Task directions: Print each entry again exactly as written, and keep the pictures out.
┌─ Records to use
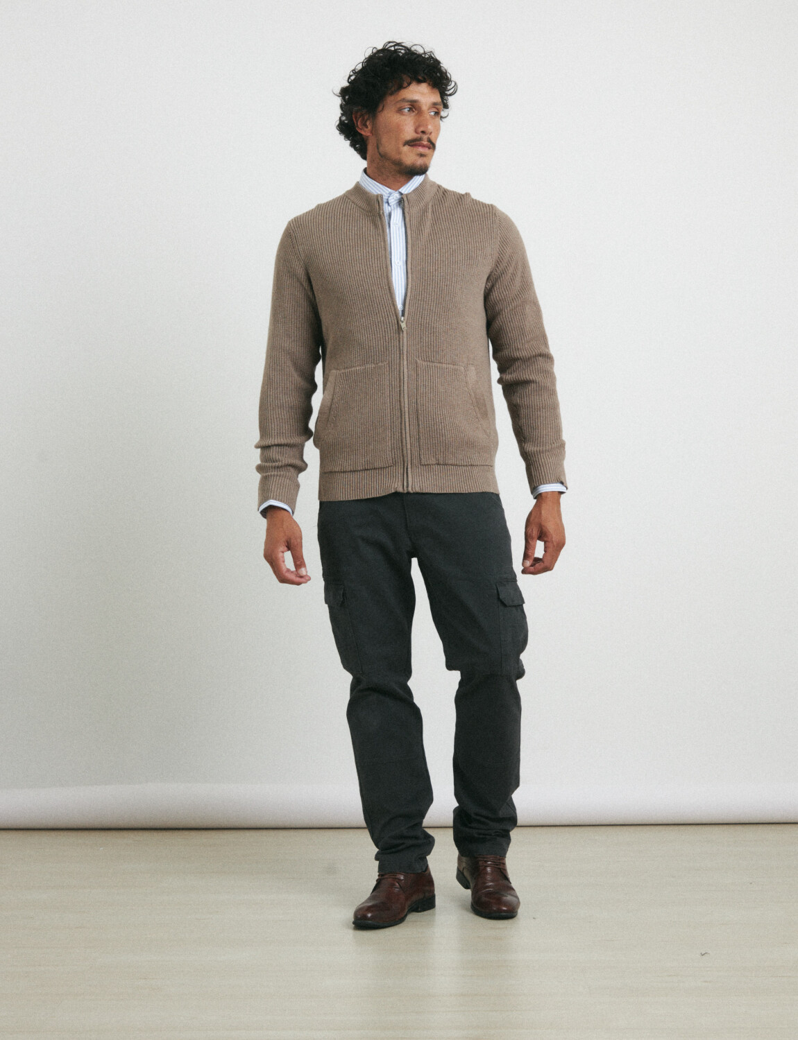 Cárdigan con cierre frontal a tono con cursor metálico. Adaptable para ocaciones casuales como para más formales. Composición 100% Algodón
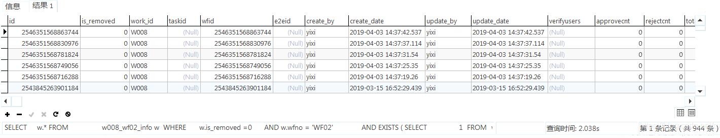 下面的操作中对应数据库表w008_execrise_info(8000数据量), w008_wf02_info(4000数据量)
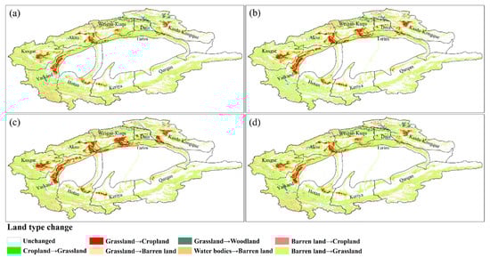 Land-use transfer map of the Tarim River Basin from 1990 to 2019: (a) 1990–2000; (b) 2000–201; (c) 2010–2019; and (d) 1990–2019.
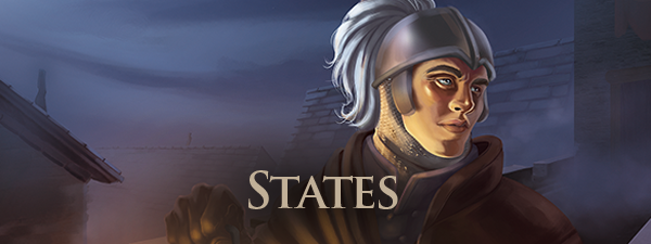 Three Hexes and one Kingdom card give players a State. A State goes in front of a Player and applies a Rule. Some states are kept, like Miserable. Some states are Returned, like Deluded, and one state, Lost in the Woods, stays until another player takes it.
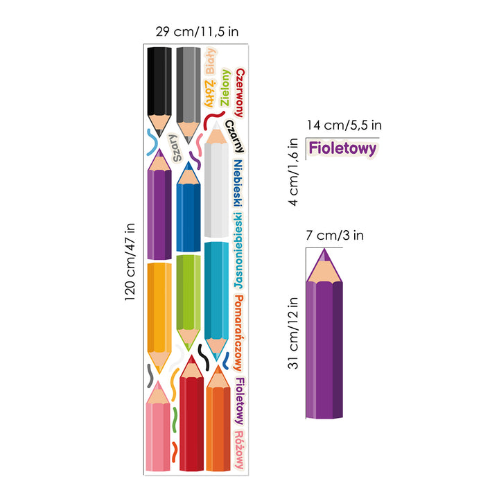 Kolorowe naklejki w kształcie kredek z polskimi nazwami kolorów to świetna pomoc edukacyjna. Ekologiczne, bezpieczne i łatwe w aplikacji. Idealne do pokoju dziecka, szkoły, przedszkola czy sali językowej. Drukowane w Polsce, oryginalne wzory.
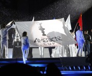 La pioggia non ha fermato Napoli e alla cerimonia inaugurale in piazza del Plebiscito, domenica sera, delle World Series America’s Cup, hanno partecipato oltre 15.000 persone. Uno spettacolo emozionante ideato da Marco Balich della Filmmaster events, con la sfilata dei 9 team internazionali. E’ stato il Presidente della Repubblica Giorgio Napolitano, con un videomessaggio proiettato sul “timpano” della Chiesa di San Francesco di Paola, a incitare le istituzioni ed i napoletani ad usare questo evento come trampolino di lancio per una nuova era. “Guardo alla capacità di Napoli di esprimere tutte le ricchezze e le potenzialità che possiede – ha dichiarato il Capo dello Stato – Non manchi la fiducia e il coraggio per aprire una stagione nuova”. Piazza del Plebiscito è stata trasformata in un gigantesco acquario con effetti di luce, proiezioni e trampolieri che impersonavano delle enormi meduse facendo da palcoscenico ad uno spettacolo che ha emozionato tutti. In apertura il reading di Peppe Servillo che ha celebrato il protagonista di questa prossima settimana: il mare, attraverso le parole della meravigliosa poesia “O’ Mare” di Edoardo de Filippo.
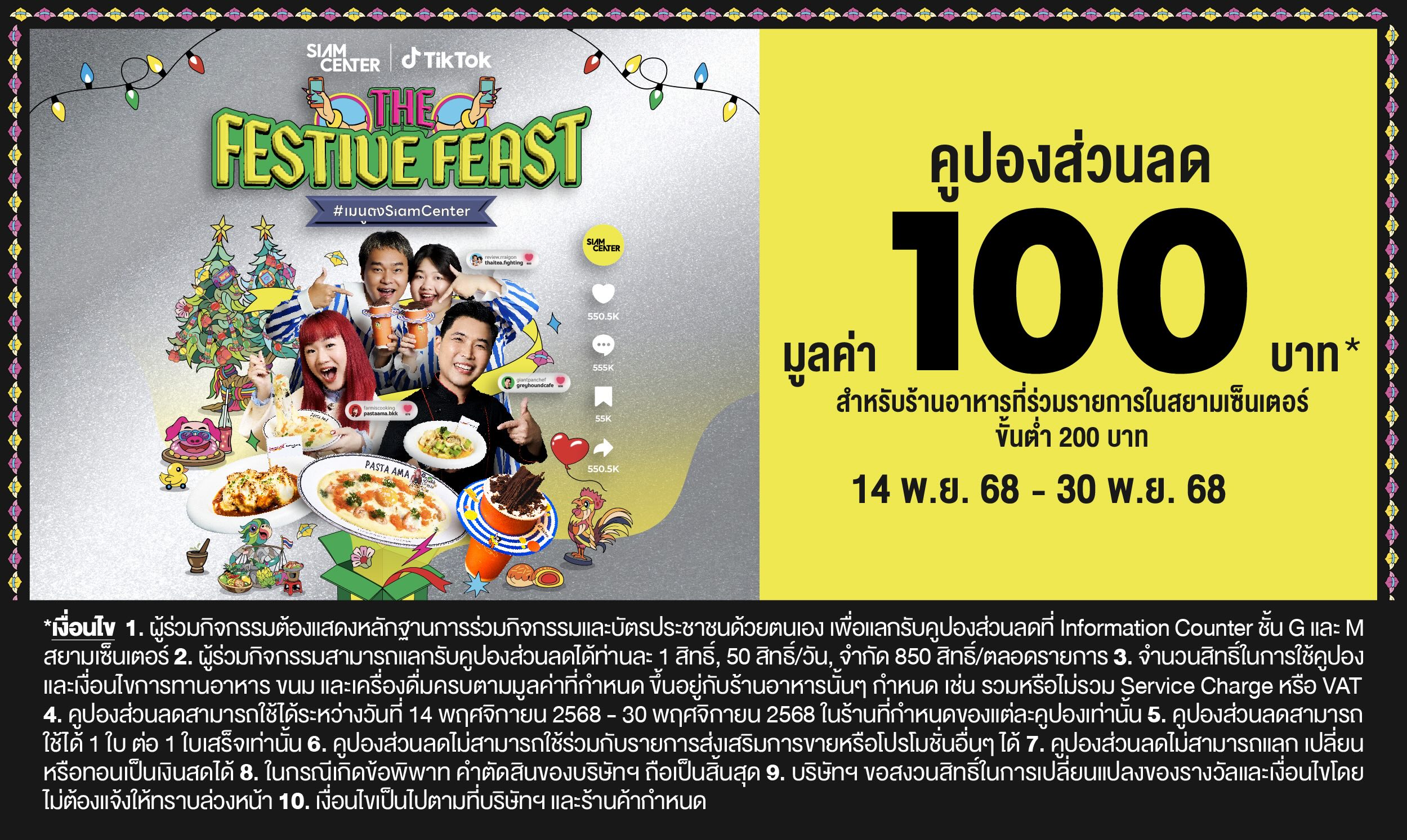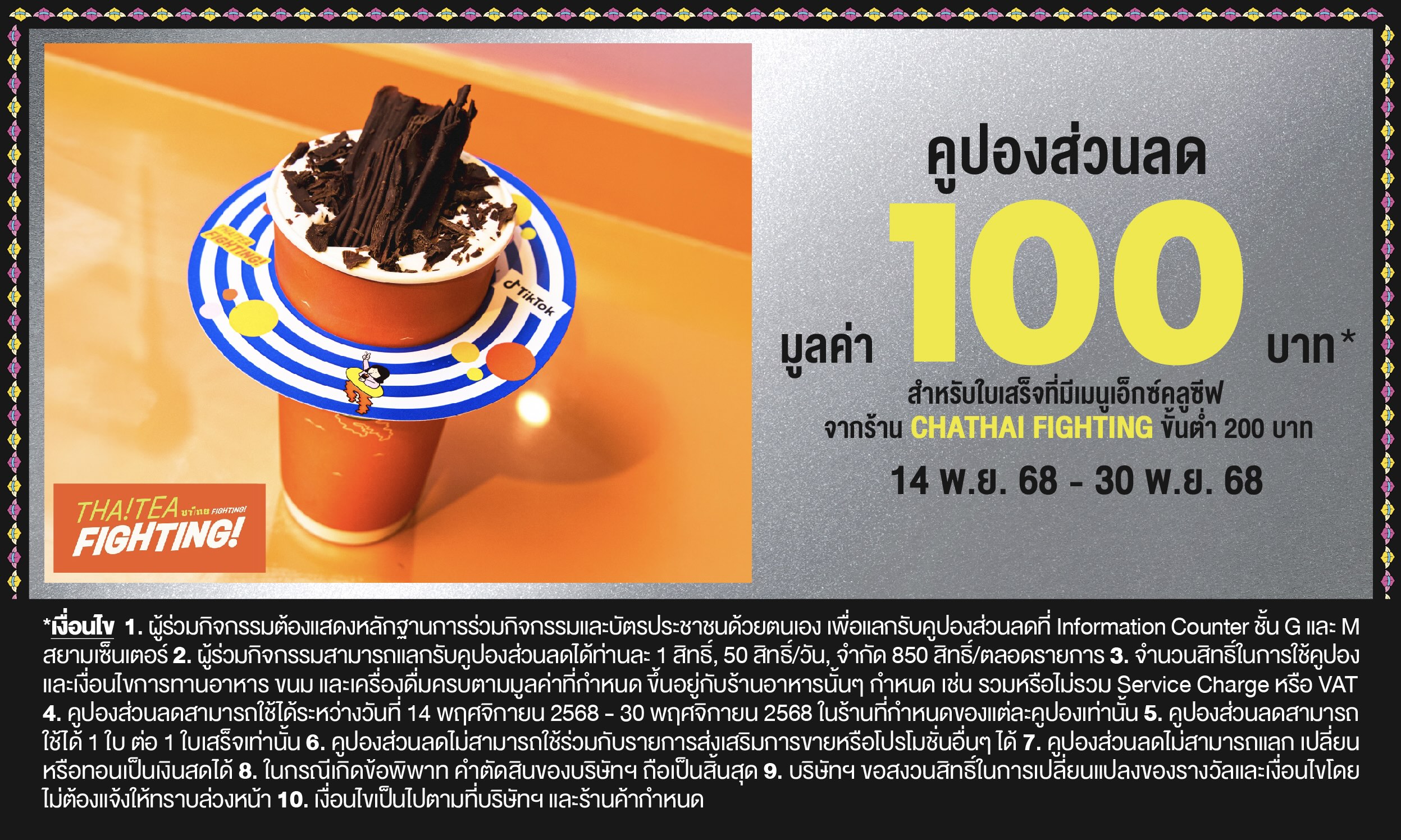 - คูปองมูลค่า 100 บาท สามารถใช้ได้เมื่อทานอาหารขั้นต่ำ 200 บาท* ในร้านอาหาร 24 ร้านที่สยามเซ็นเตอร์ (สามารถตรวจสอบร้านอาหารที่ร่วมรายการได้ในเว็บไซต์ www.siamcenter.co.th)
└─
Response:
 Cárdigan con cierre frontal a tono con cursor metálico. Adaptable para ocaciones casuales como para más formales. Composición 100% Algodón
 下面的操作中对应数据库表w008_execrise_info(8000数据量), w008_wf02_info(4000数据量)
 Land-use transfer map of the Tarim River Basin from 1990 to 2019: (a) 1990–2000; (b) 2000–201; (c) 2010–2019; and (d) 1990–2019.
 Three Hexes and one Kingdom card give players a State. A State goes in front of a Player and applies a Rule. Some states are kept, like Miserable. Some states are Returned, like Deluded, and one state, Lost in the Woods, stays until another player takes it.
 Kolorowe naklejki w kształcie kredek z polskimi nazwami kolorów to świetna pomoc edukacyjna. Ekologiczne, bezpieczne i łatwe w aplikacji. Idealne do pokoju dziecka, szkoły, przedszkola czy sali językowej. Drukowane w Polsce, oryginalne wzory.
 La pioggia non ha fermato Napoli e alla cerimonia inaugurale in piazza del Plebiscito, domenica sera, delle World Series America’s Cup, hanno partecipato oltre 15.000 persone. Uno spettacolo emozionante ideato da Marco Balich della Filmmaster events, con la sfilata dei 9 team internazionali. E’ stato il Presidente della Repubblica Giorgio Napolitano, con un videomessaggio proiettato sul “timpano” della Chiesa di San Francesco di Paola, a incitare le istituzioni ed i napoletani ad usare questo evento come trampolino di lancio per una nuova era. “Guardo alla capacità di Napoli di esprimere tutte le ricchezze e le potenzialità che possiede – ha dichiarato il Capo dello Stato – Non manchi la fiducia e il coraggio per aprire una stagione nuova”. Piazza del Plebiscito è stata trasformata in un gigantesco acquario con effetti di luce, proiezioni e trampolieri che impersonavano delle enormi meduse facendo da palcoscenico ad uno spettacolo che ha emozionato tutti. In apertura il reading di Peppe Servillo che ha celebrato il protagonista di questa prossima settimana: il mare, attraverso le parole della meravigliosa poesia “O’ Mare” di Edoardo de Filippo.
 - คูปองมูลค่า 100 บาท สามารถใช้ได้เมื่อทานอาหารขั้นต่ำ 200 บาท* ในร้านอาหาร 24 ร้านที่สยามเซ็นเตอร์ (สามารถตรวจสอบร้านอาหารที่ร่วมรายการได้ในเว็บไซต์ www.siamcenter.co.th)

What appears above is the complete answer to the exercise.